Enforcement notices — Deemed planning permission — Whether council’s failure to enforce against appellant’s car-repair activities leading to deemed grant of permission  – Construction of section 173(11) of Town and Country Planning Act 1990 — Appeal dismissed

The appellant lived on a site where he stored and repaired damaged cars. Between 1986 and 1997, the respondent council issued various enforcement notices against the appellant, requiring him to demolish a bungalow that he had built on the land, to move out of and remove a mobile home on the site and to demolish a workshop and hard standing. The council received a number of complaints concerning the storage of wrecked vehicles on the land, although none of the enforcement notices specifically mentioned this. In 2000, the appellant made an unsuccessful application for a lawful development certificate in respect of his use of the land for the storage and repair of vehicles, residential use of land and leisure purposes.

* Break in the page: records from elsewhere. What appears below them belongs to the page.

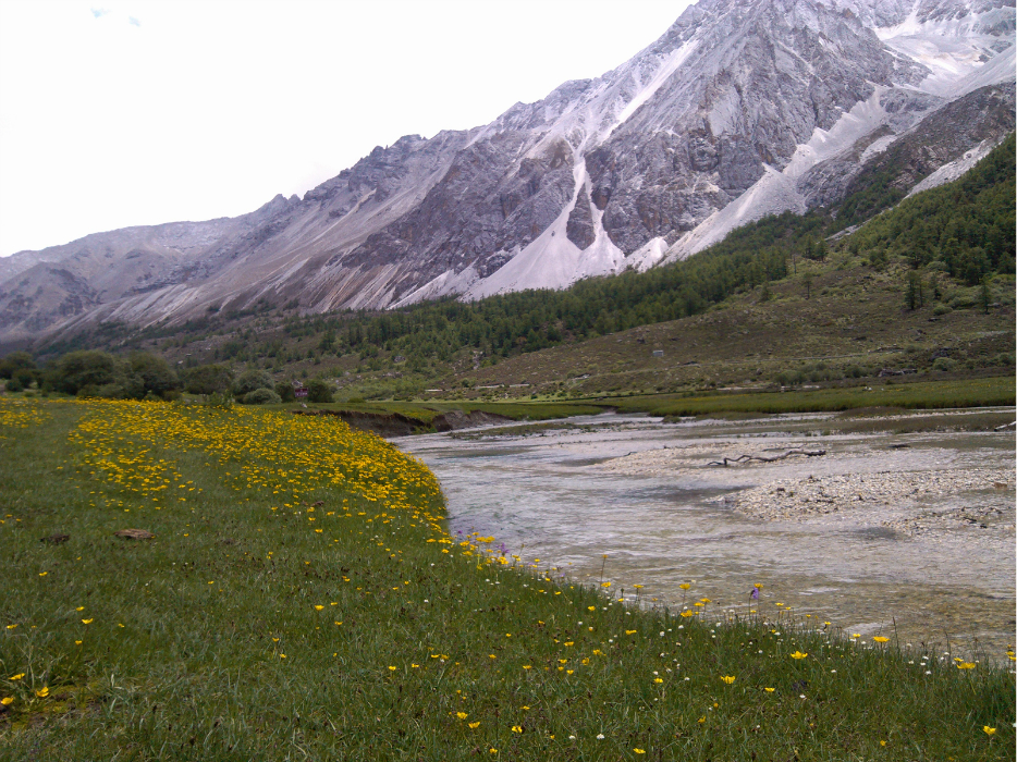 这是一段难忘的爬山涉水,走的是“马”路,只要看到有马粪说明你没走错,曾经有人走错过,竟走到了香格里拉 !!我只能说牛了,所以一定要认清方位。深入里面就像进去了一片远古森林,一片世外桃源 。林间溪流潺潺不息,飞泉瀑布于雪山之间,苍天古树,悬崖陡壁,明镜般的湖泊,满山五彩斑斓的野花。抬头便是云雾缭绕的雪山是历经沧桑的老树,低头便是草甸是碎石是野花是灌木是青石是倾泻而下的雪水。
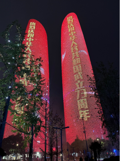 雷玲同志拍摄,“筑梦灯火万家,同庆盛世中华”摄于成都双子塔
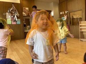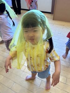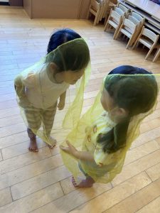 スカーフを配ると「同じ色だね」と嬉しそうにしたり「見て!お化けだよ」と早々に変身する子どもたち☆
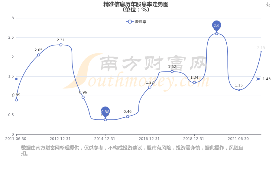 近年精准信息年度股息率走势如下图:
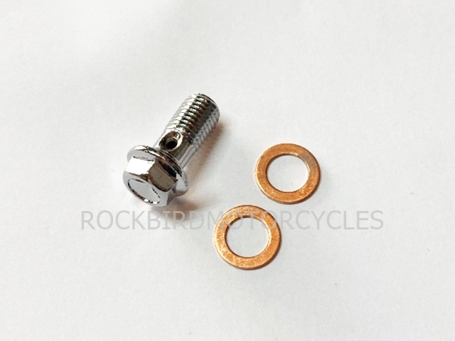 | ブレーキホースの自作に必要なバンジョーボルトM10-P1.25。安心・頑丈なスチール製 新品です。 自作にはシビアなアルミ素材より、安心・頑丈なスチール製を推奨します。 色/クローム。銅ワッシャ2付き。 ハンドルに合わせてお好きな長さのブレーキホースを自作してください。
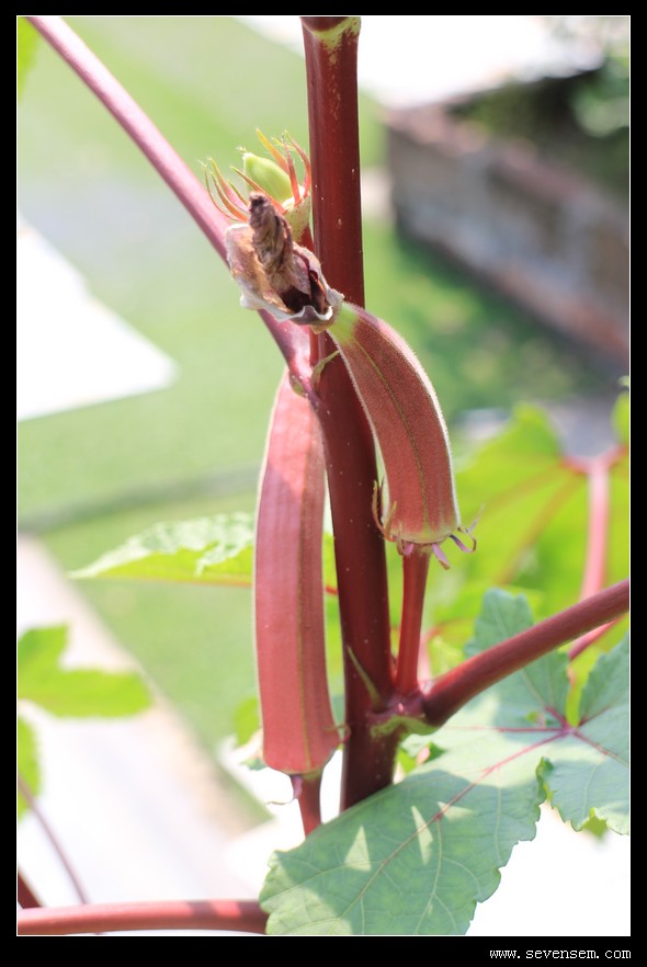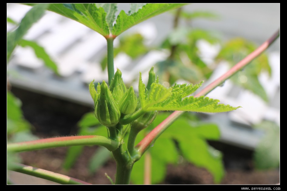 之前种得太密集,肥力不足,现在的秋葵争气多了。
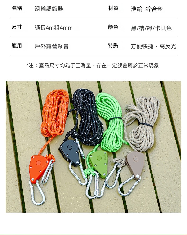 【✨ 戶外控必備神器】全能調節防風繩組✅ 4米反光夜視 ✅ 一拉即鎖滑轮 ✅ 360度固定錨點 ✅ 露營/天幕/吊床通用
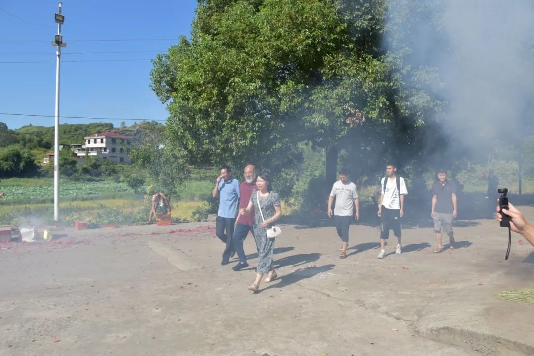 曾家燃放烟花爆竹,众亲友列队相迎。罗校长和老师们满脸笑容,热情的向大家恭贺,小小湾村喜气洋洋。
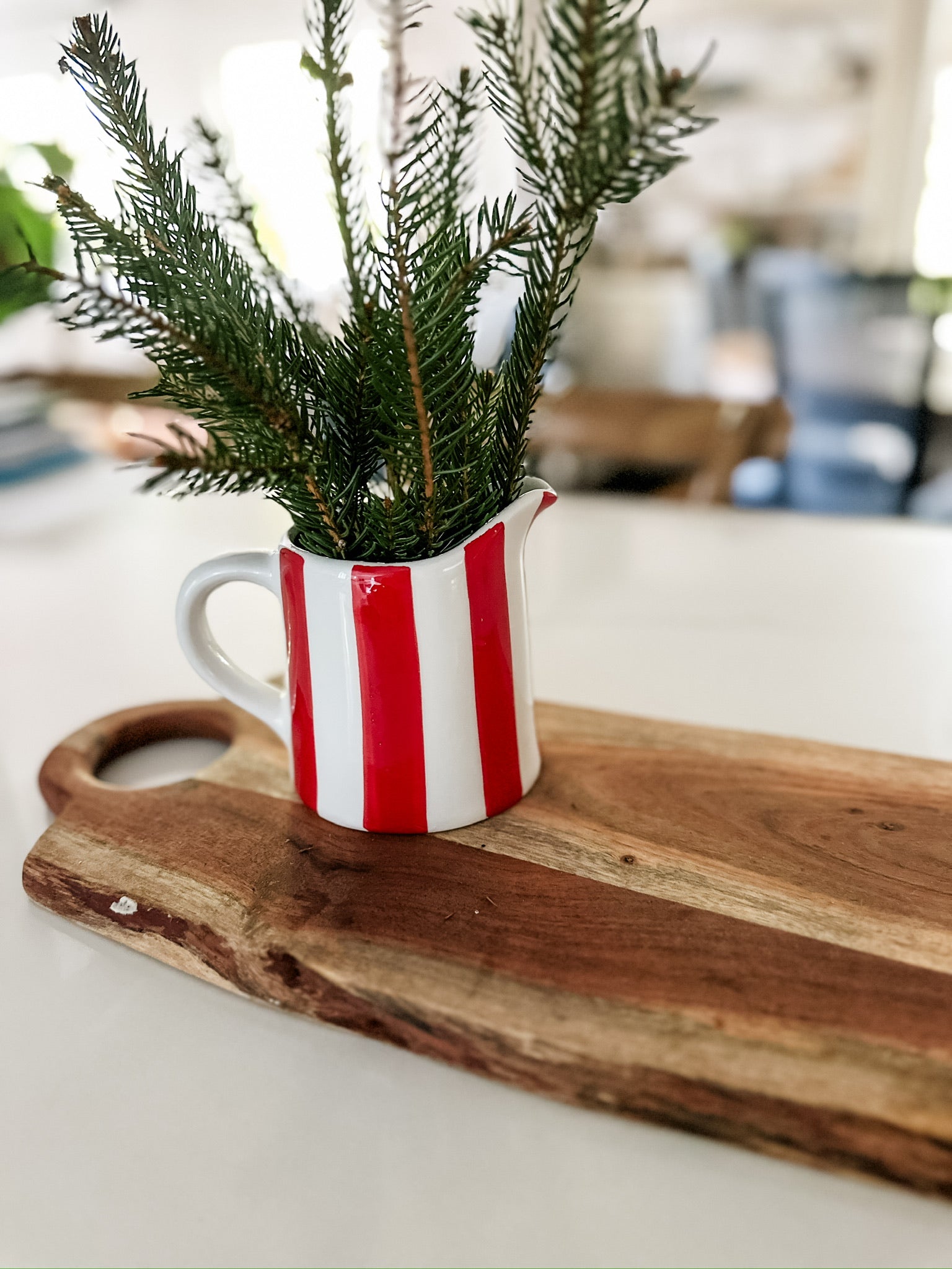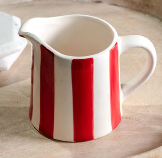 Add a touch of holiday cheer to your table with this red and white striped pitcher. Perfect for serving cream with Christmas morning coffee or holding a few festive sprigs of greenery.
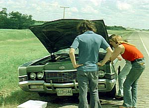 After foolishly trying to follow a CAA city map we came to a CAA building. I went inside and asked if there was an Ontario Motor League garage nearby. The clerk replied, "This is Saskatchewan, but I think I know what you mean." He gave me directions but on the way we discovered a Ford/Mercury dealer so we stopped there instead. The mechanic said he would grease the car as soon as he finished his drink. He was at the table with some other mechanics. After listening to his half hour talk on how he drove his car off cliffs, bridges and through buildings he greased the car and we left. From there we drove several hours and then pulled into a campground for the night. Once again we slept in the car. Bill in the back, me in the front. We insisted Edgar guard Bill's wallet in the glove compartment. He thought we were pulling his leg until we reminded him he didn't have one. I've done a complete turnaround Neil Young rocks. I can't get enough of the Harvest tape. It must be an acquired taste.
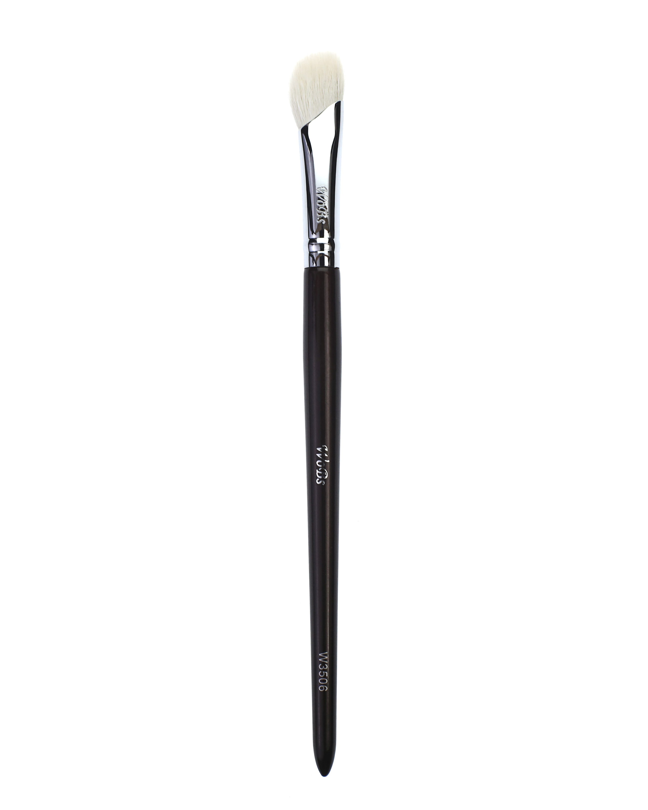 W3506 - кисть для нанесения и растушевки теней. Выполнена из волоса белой козы премиум-класса. Имеет плоскую форму, скошенный край, напоминает половинку кисти веер. Это упрощает работу в зоне глаза и в зоне линии бровей. Ее можно использовать для работы с хайлайтером. Благодаря форме и размеру, удобна в работе на маленьких участках. Приятная и мягкая на ощупь, не раздражает кожу. Комфортная в работе хорошо ложится в руке.
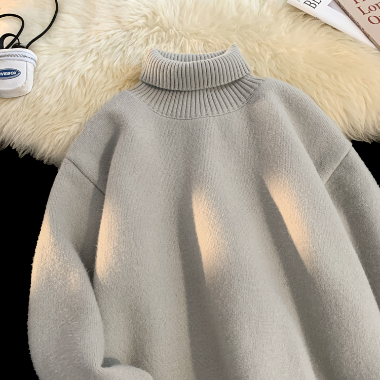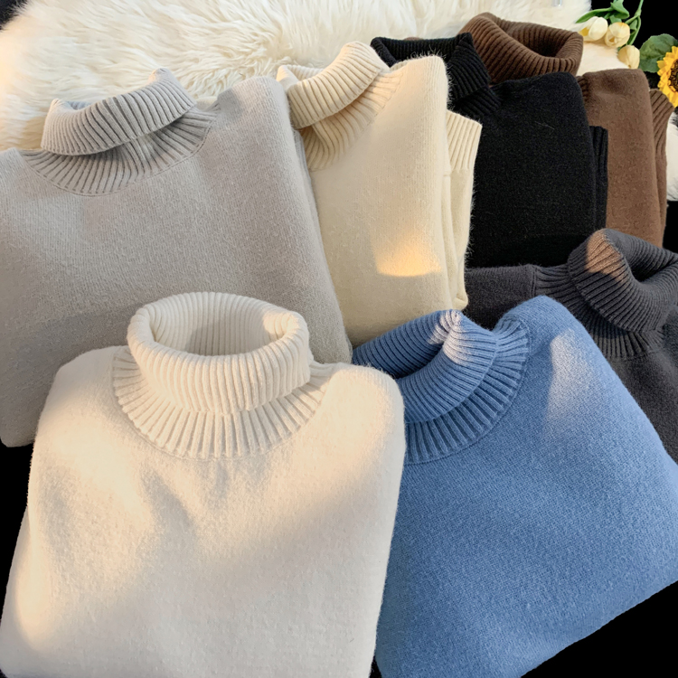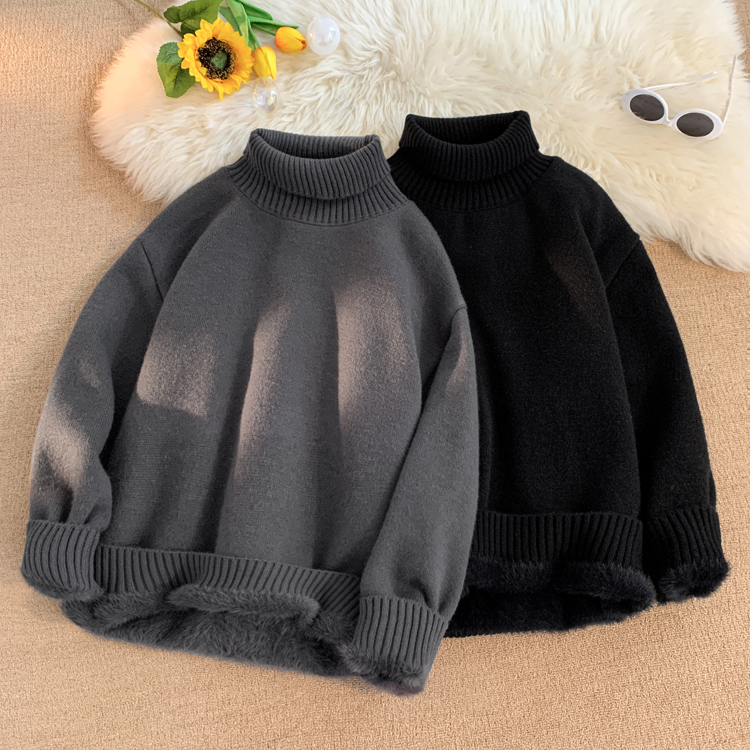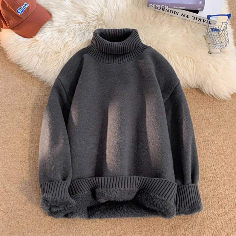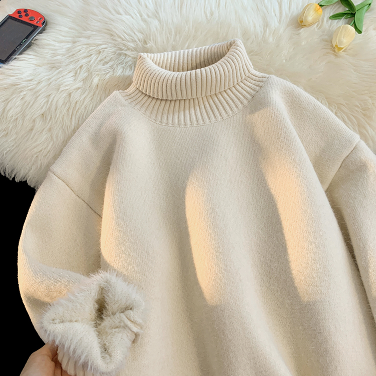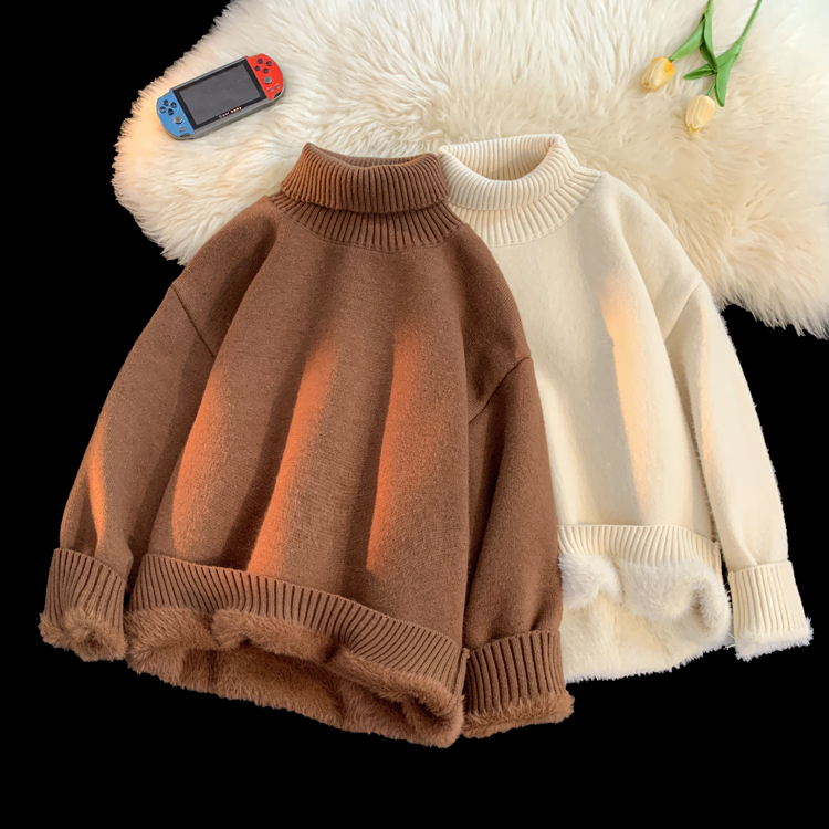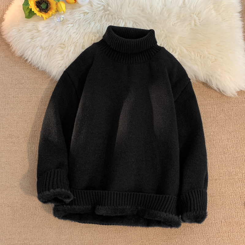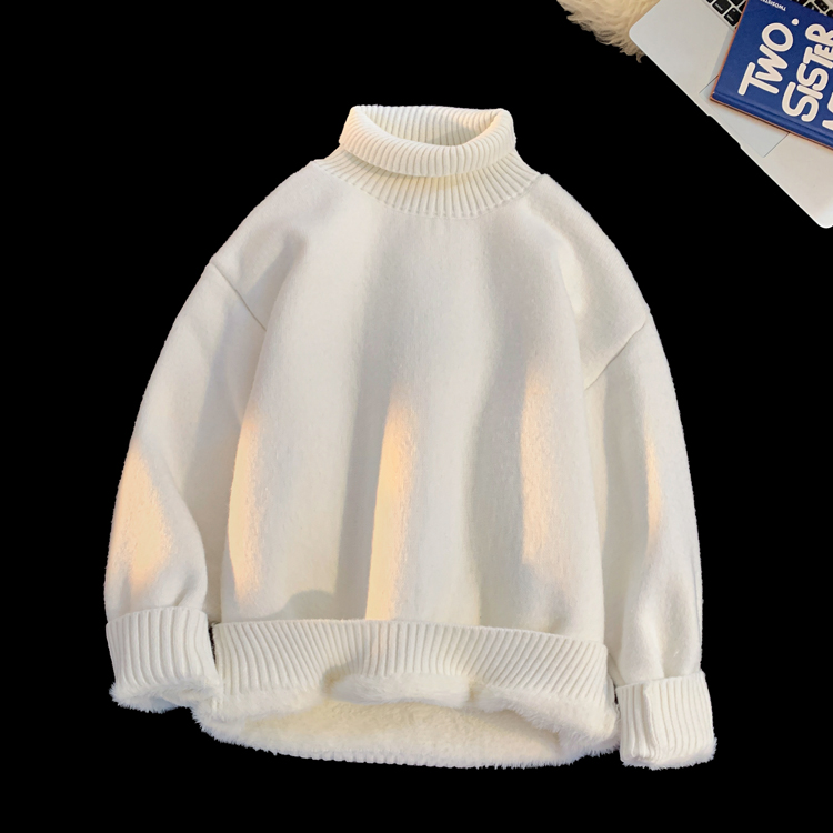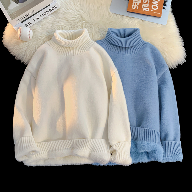 青少年高領羊羔絨毛衣男冬季加絨加厚外套高級感內搭打底針織毛衫

In 2002, the council obtained injunctions relating to the appellant’s use of the land and requiring, inter alia, the removal from the land of “any motor vehicle whatsoever”. The judge rejected the appellant’s argument that the storage and repair of vehicles was immune from enforcement action because it constituted a change of use in planning terms that had continued for more than 10 years. The judge found that the evidence of use prior to 2000 was insufficiently clear to justify a finding that the appellant was engaged in more than could be properly regarded as use ancillary to that of a dwellinghouse.